DESCRIPTION OF THE TASK |
Your copy of the entries below should hold exactly the lines from the one containing "秀拉針織的色織提花羅馬布,別" to the one containing "Dip the sweet potato first", inclusive, and no pictures.

DATASET RECORDS |
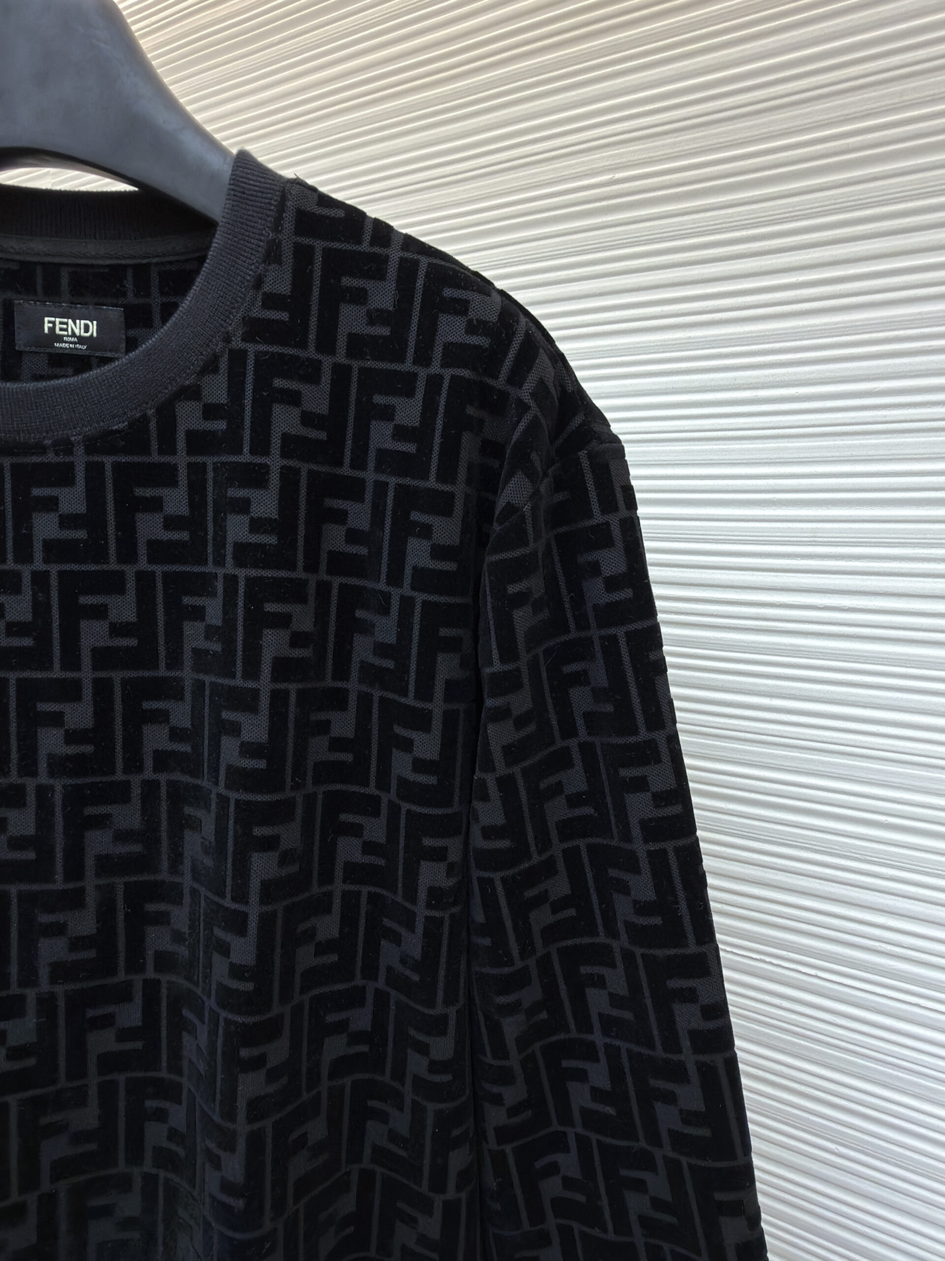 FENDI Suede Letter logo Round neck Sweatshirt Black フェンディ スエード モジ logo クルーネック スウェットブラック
...
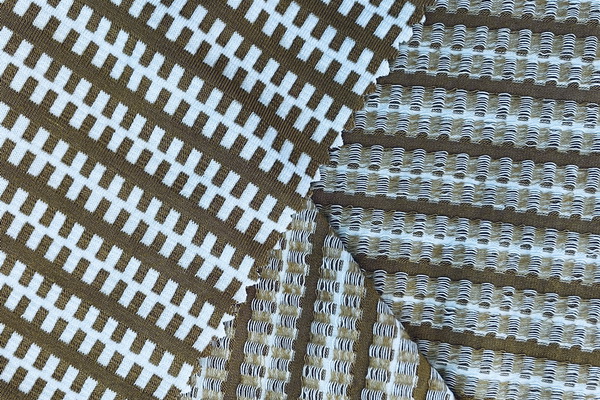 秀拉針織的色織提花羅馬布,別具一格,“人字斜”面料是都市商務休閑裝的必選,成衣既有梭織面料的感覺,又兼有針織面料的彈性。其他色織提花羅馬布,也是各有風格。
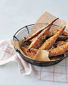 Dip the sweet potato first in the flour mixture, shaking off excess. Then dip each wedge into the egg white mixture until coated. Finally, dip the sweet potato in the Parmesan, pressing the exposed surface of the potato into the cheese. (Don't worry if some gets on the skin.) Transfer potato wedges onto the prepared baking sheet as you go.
==
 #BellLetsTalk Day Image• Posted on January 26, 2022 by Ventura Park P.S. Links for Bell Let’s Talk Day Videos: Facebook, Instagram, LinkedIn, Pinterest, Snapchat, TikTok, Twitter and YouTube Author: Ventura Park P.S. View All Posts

ANSWER FOR THE TASK |
 秀拉針織的色織提花羅馬布,別具一格,“人字斜”面料是都市商務休閑裝的必選,成衣既有梭織面料的感覺,又兼有針織面料的彈性。其他色織提花羅馬布,也是各有風格。
 Dip the sweet potato first in the flour mixture, shaking off excess. Then dip each wedge into the egg white mixture until coated. Finally, dip the sweet potato in the Parmesan, pressing the exposed surface of the potato into the cheese. (Don't worry if some gets on the skin.) Transfer potato wedges onto the prepared baking sheet as you go.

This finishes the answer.